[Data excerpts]
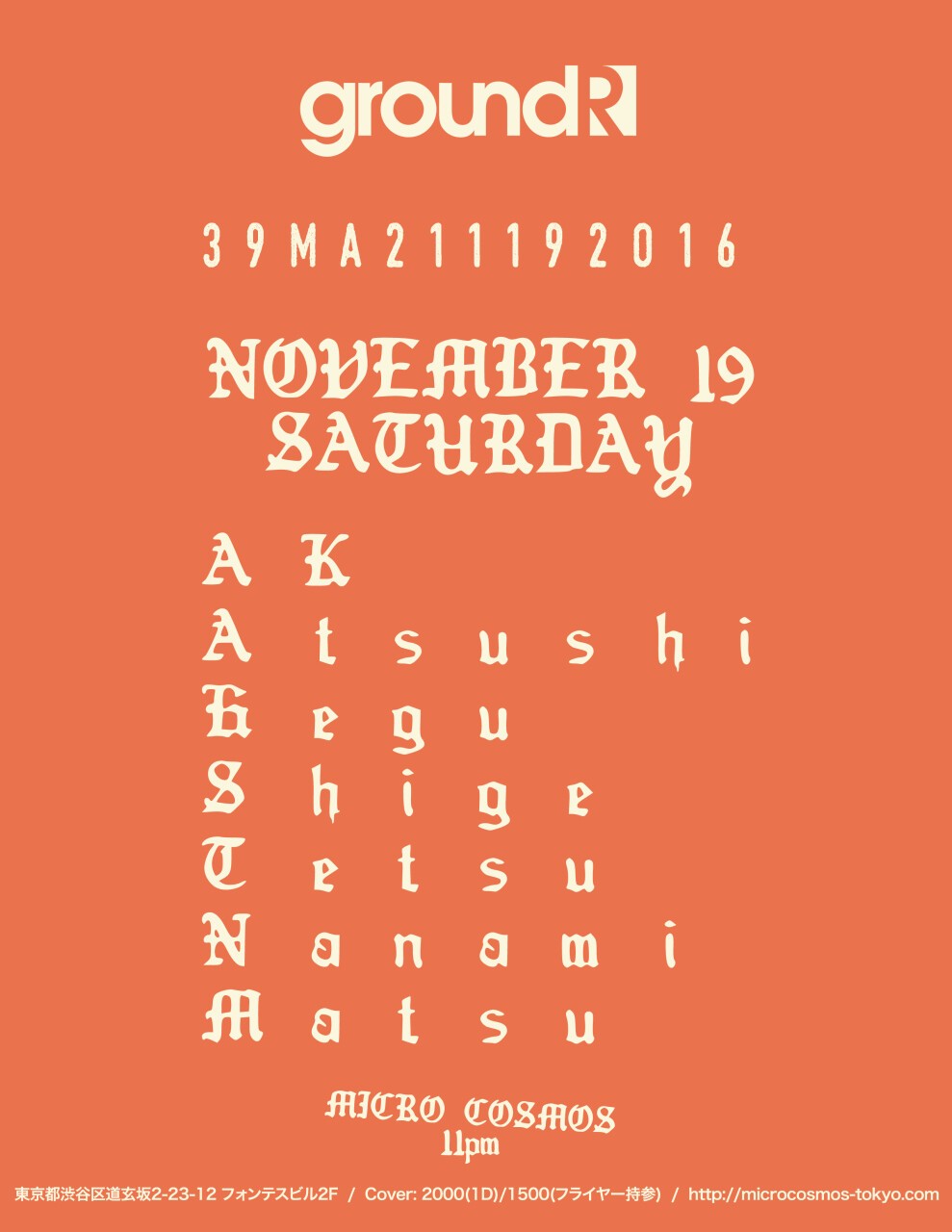 10年以上に渡るアンダーグラウンドの殻を出て、本邦初となるMATSUを始めとするground Rクルーが凱旋帰国する一夜。
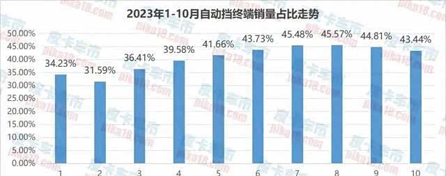 今年10月,自动挡皮卡的终端狭义销量为10046辆,而手动挡销量为13084,自动挡占比为43.44%。自动挡销量占比自今年5月突破40%以后,一直在高位运行。与去年同期相比,10月自动挡皮卡销量增长高达55.27%。1-10月自动挡皮卡销量同比增长40.03%。
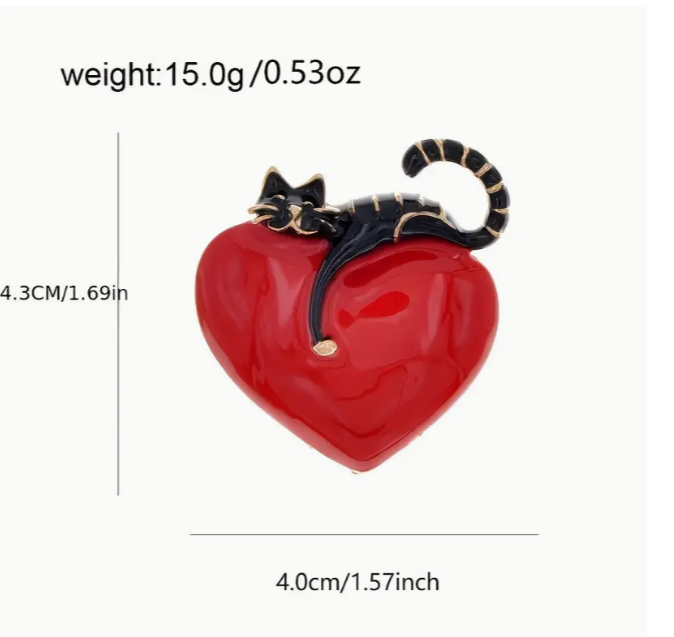 This beautiful black cat pin brooch is a must-have for any fashion jewelry lover. Measuring 1.7 inches in length, it is the perfect size to wear on any occasion, from weddings to graduations. The round rhinestone adds a touch of sparkle to this stunning piece, which features a heart-shaped design and a unique cat shape. The brooch is perfect for those who love animals and insects, as well as those who enjoy customized and unique jewelry. It is made from high-quality materials, although the specific metal and rhinestone materials are not currently known. This brooch is a great gift for birthdays, Valentine's Day, Mother's Day, and Father's Day. Add a touch of love and elegance to your outfit with this beautiful black cat pin brooch.
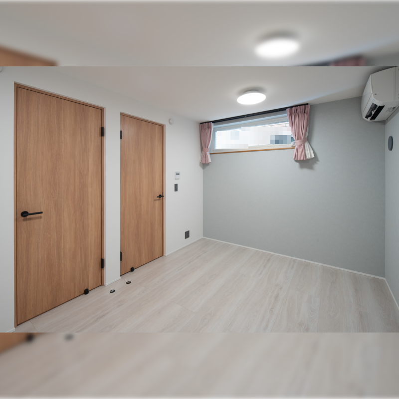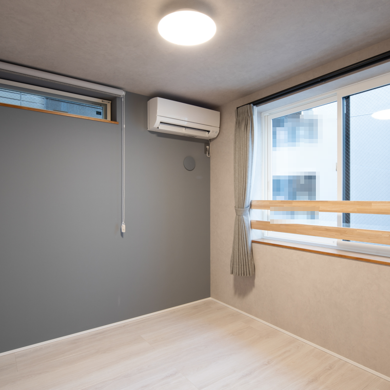 プライバシーと採光の両方に配慮しました。 明るい子供部屋は、ベッドとデスクを設置するのに十分なスペースを確保しました。 成長に応じて二部屋に仕切り、それぞれ独立した部屋として使えるように計画してあります。 |
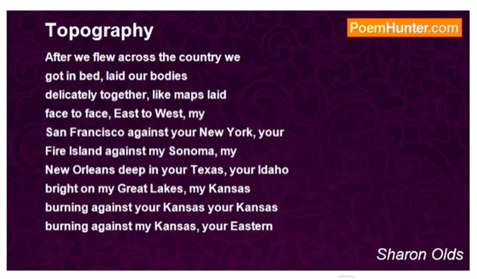 This is a poetry of the body as place for we move from encounters with the body either naked or behind clothing barrier (‘a parting of the legs … my body laid down … opened zip’) to be offered places receptive of the poet’s kiss (those indefinite topoi ‘here’ and ‘there’ seeming to be body places in the earlier context to literal physical places in which a kiss might be given just as the names of men that follow can be the names of streets flowing onto Oxford Road or men.
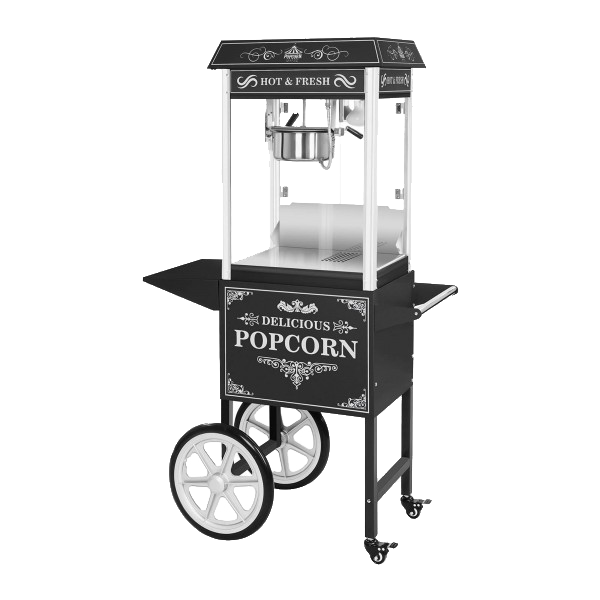 Tack vare den medföljande vagnen kan du servera dina läckra popcorn överallt! Popcornmaskinen är enkel att manövrera tack vare de stora framhjulen och de mindre bakhjulen som kan vridas 360 grader. De två små hjulen är utrustade med parkeringsbromsar som förhindrar att popcornmaskinen rullar iväg och säkerställer att vagnen står stabilt under användning.
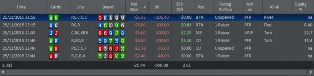 Hand 1. With the 4 bet I probably should have at least been able to fold to the re-raise. I put myself in a bad spot here by being too committed didn't I?
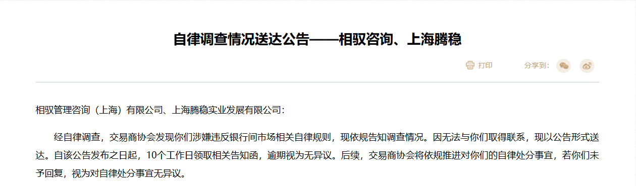 【大河财立方消息】8月4日,交易商协会发布公告称,经自律调查,发现相驭管理咨询(上海)有限公司、上海腾稳实业发展有限公司涉嫌违反银行间市场相关自律规则,并依规告知调查情况。
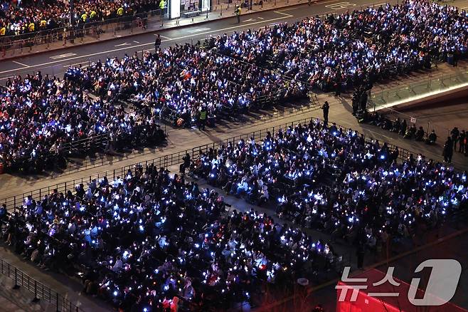 (서울=뉴스1) 사진공동취재단 = 아미(BTS 팬덤)와 시민들이 21일 서울 광화문광장 일대에서 방탄소년단(BTS) 컴백 기념 공연인 'BTS 컴백 라이브: 아리랑' 공연을 관람하고 있다. 2026.3.21/뉴스1
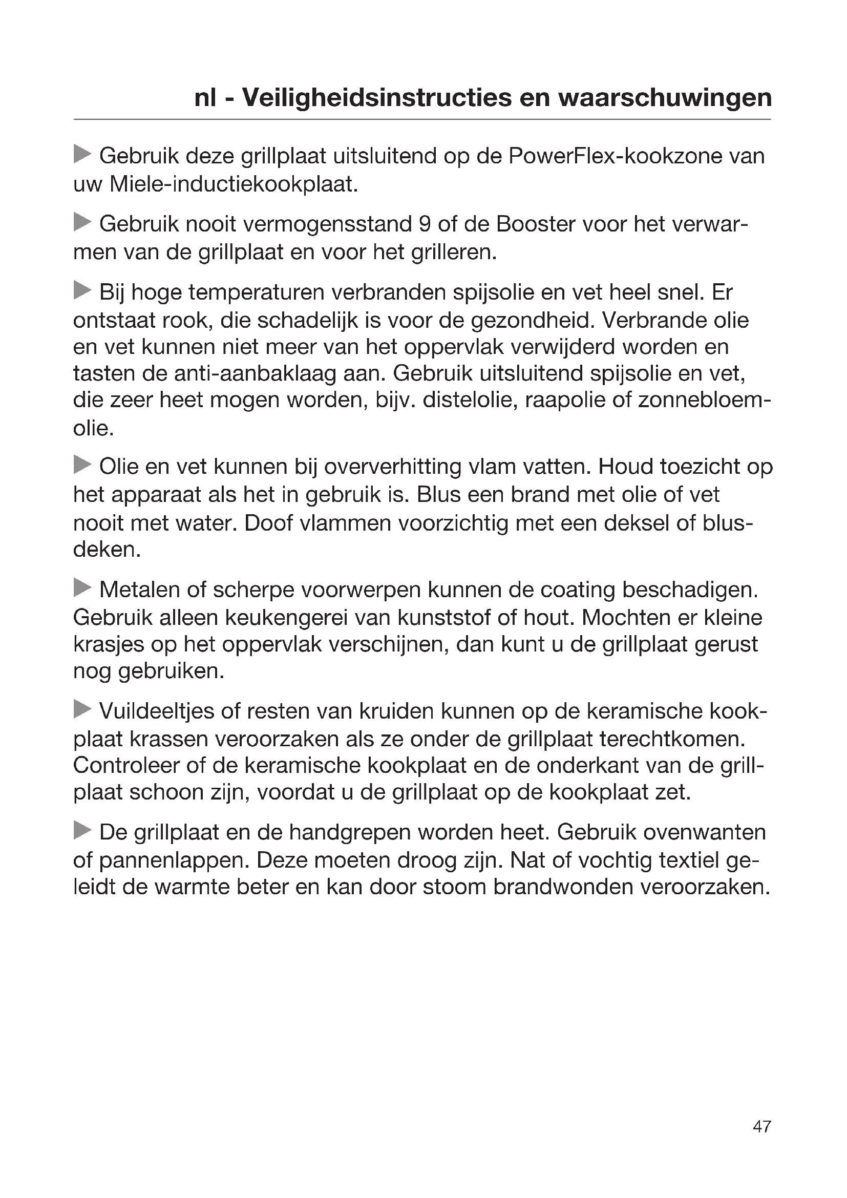 Gebruik deze grillplaat uitsluitend op de PowerFlex-kookzone van uw Miele-inductiekookplaat. Gebruik nooit vermogensstand 9 of de Booster voor het verwar- men van de grillplaat en voor het grilleren. Bij hoge temperaturen verbranden spijsolie en vet heel snel. Er ontstaat rook, die schadelijk is voor de gezondheid. Verbrande olie en vet kunnen niet meer van het oppervlak verwijderd worden en tasten de anti-aanbaklaag aan. Gebruik uitsluitend spijsolie en vet, die zeer heet mogen worden, bijv. distelolie, raapolie of zonnebloem- olie. Olie en vet kunnen bij oververhitting vlam vatten. Houd toezicht op het apparaat als het in gebruik is. Blus een brand met olie of vet nooit met water. Doof vlammen voorzichtig met een deksel of blus- deken. Metalen of scherpe voorwerpen kunnen de coating beschadigen. Gebruik alleen keukengerei van kunststof of hout. Mochten er kleine krasjes op het oppervlak verschijnen, dan kunt u de grillplaat gerust nog gebruiken. Vuildeeltjes of resten van kruiden kunnen op de keramische kook- plaat krassen veroorzaken als ze onder de grillplaat terechtkomen. Controleer of de keramische kookplaat en de onderkant van de grill- plaat schoon zijn, voordat u de grillplaat op de kookplaat zet. De grillplaat en de handgrepen worden heet. Gebruik ovenwanten of pannenlappen. Deze moeten droog zijn. Nat of vochtig textiel ge- leidt de warmte beter en kan door stoom brandwonden veroorzaken.nl - Een bijdrage aan de bescherming van het milieu

## What is needed:
Above are the records; return the lines in them from the one with "今年10月,自动挡皮卡的终端" to the one with "This is a poetry", inclusive, exactly and without images.

## Completed task:
 今年10月,自动挡皮卡的终端狭义销量为10046辆,而手动挡销量为13084,自动挡占比为43.44%。自动挡销量占比自今年5月突破40%以后,一直在高位运行。与去年同期相比,10月自动挡皮卡销量增长高达55.27%。1-10月自动挡皮卡销量同比增长40.03%。
 This beautiful black cat pin brooch is a must-have for any fashion jewelry lover. Measuring 1.7 inches in length, it is the perfect size to wear on any occasion, from weddings to graduations. The round rhinestone adds a touch of sparkle to this stunning piece, which features a heart-shaped design and a unique cat shape. The brooch is perfect for those who love animals and insects, as well as those who enjoy customized and unique jewelry. It is made from high-quality materials, although the specific metal and rhinestone materials are not currently known. This brooch is a great gift for birthdays, Valentine's Day, Mother's Day, and Father's Day. Add a touch of love and elegance to your outfit with this beautiful black cat pin brooch.
 プライバシーと採光の両方に配慮しました。 明るい子供部屋は、ベッドとデスクを設置するのに十分なスペースを確保しました。 成長に応じて二部屋に仕切り、それぞれ独立した部屋として使えるように計画してあります。 |
 This is a poetry of the body as place for we move from encounters with the body either naked or behind clothing barrier (‘a parting of the legs … my body laid down … opened zip’) to be offered places receptive of the poet’s kiss (those indefinite topoi ‘here’ and ‘there’ seeming to be body places in the earlier context to literal physical places in which a kiss might be given just as the names of men that follow can be the names of streets flowing onto Oxford Road or men.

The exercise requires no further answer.